London, Sept. 19 (Reuters): US President George W. Bush said today he will ask the US Congress to endorse a possible attack against Iraq if needed, and he warned the UN Security Council to deal with Iraq or Washington would step in.

With Washington demanding Baghdad scrap its weapons of mass destruction or face attack, US generals gathered in the Gulf as diplomats said UN arms inspectors would need weeks to start work in Iraq.

“The United Nations Security Council must work with the United States and Britain and other concerned parties to send a clear message that we expect Saddam to disarm, and if the United Nations Security Council won’t deal with the problem, the United States and some of its friends will,” Bush told reporters.

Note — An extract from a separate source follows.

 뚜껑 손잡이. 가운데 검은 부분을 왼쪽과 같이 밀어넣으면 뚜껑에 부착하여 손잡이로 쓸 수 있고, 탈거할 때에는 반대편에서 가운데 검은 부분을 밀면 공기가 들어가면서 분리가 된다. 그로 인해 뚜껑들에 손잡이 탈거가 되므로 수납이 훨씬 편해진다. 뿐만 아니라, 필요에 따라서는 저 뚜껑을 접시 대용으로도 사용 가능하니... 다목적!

But in Europe, UN Security Council members Britain and France remained split over what the United Nations must do next about Iraq, after Baghdad agreed on Monday to let inspectors back in without conditions after nearly four years.

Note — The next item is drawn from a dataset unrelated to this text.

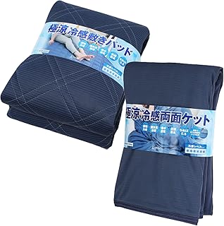極涼 敷きパット タオルケット 接触冷感 QMAX0.5 夏 ひんやり 抗菌 涼感 3.8倍冷たい 瞬間冷却 クール 吸水速乾 丸洗い tobest ブルー シングル 2点セット

Keeping up the pressure on Iraq to meet UN disarmament demands or face the threat of an attack, top US military brass met in Kuwait for two days of talks amid increased US military movements in the region.

The United States accuses Iraq of amassing weapons of mass destruction, a charge Baghdad denies, and has a stated aim of “regime change” in the Arab country led by President Saddam Hussein.

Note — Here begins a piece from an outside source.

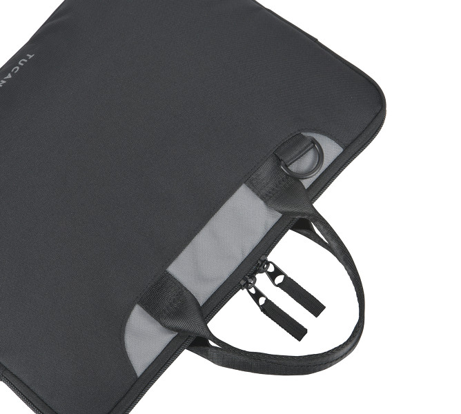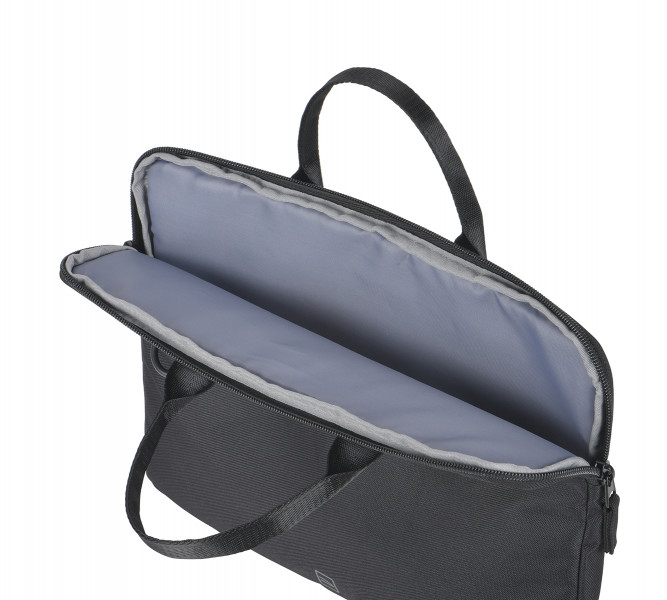 Сумка має тонкий профіль для зручного перенесення ноутбука без зайвого об’єму. Основне відділення доповнене ударостійкою внутрішньою підкладкою. Конструкція розрахована на ноутбуки з діагоналлю 13,3–14 дюймів. Матеріал виготовлений із текстильної тканини з перероблених ПЕТ-пляшок. Подвійні ручки забезпечують комфортне перенесення в руках. Знімний плечовий ремінець розширює способи носіння. Невелика вага зменшує навантаження під час щоденного використання. Лаконічне виконання відповідає діловому стилю.

US army Gen. Tommy Franks, who heads the US Central Command (CENTCOM), arrived in Kuwait today to chair the talks among heads of US army, navy, air force, marines and special operations. CENTCOM covers a wide region including the oil-rich Gulf and Afghanistan.

The United States has been sending heavy equipment and ammunition to Kuwait for several weeks, said to be part of a training programme with German and Czech involvement, and US troops started a desert exercise there this month.

Like other regional states, Kuwait has hosted US forces since the 1990-91 Gulf War, which ended Iraq’s seven month occupation of its neighbour Kuwait.

Franks flew in from Doha, Qatar, where he discussed with leaders plans for a permanent US military presence in the small Gulf state, US and Qatari officials said.

Prompting speculation Qatar could be used as a launch pad for a possible attack against Iraq, officials said up to 1,000 additional members of US forces would be moved to a rapidly expanding US military base.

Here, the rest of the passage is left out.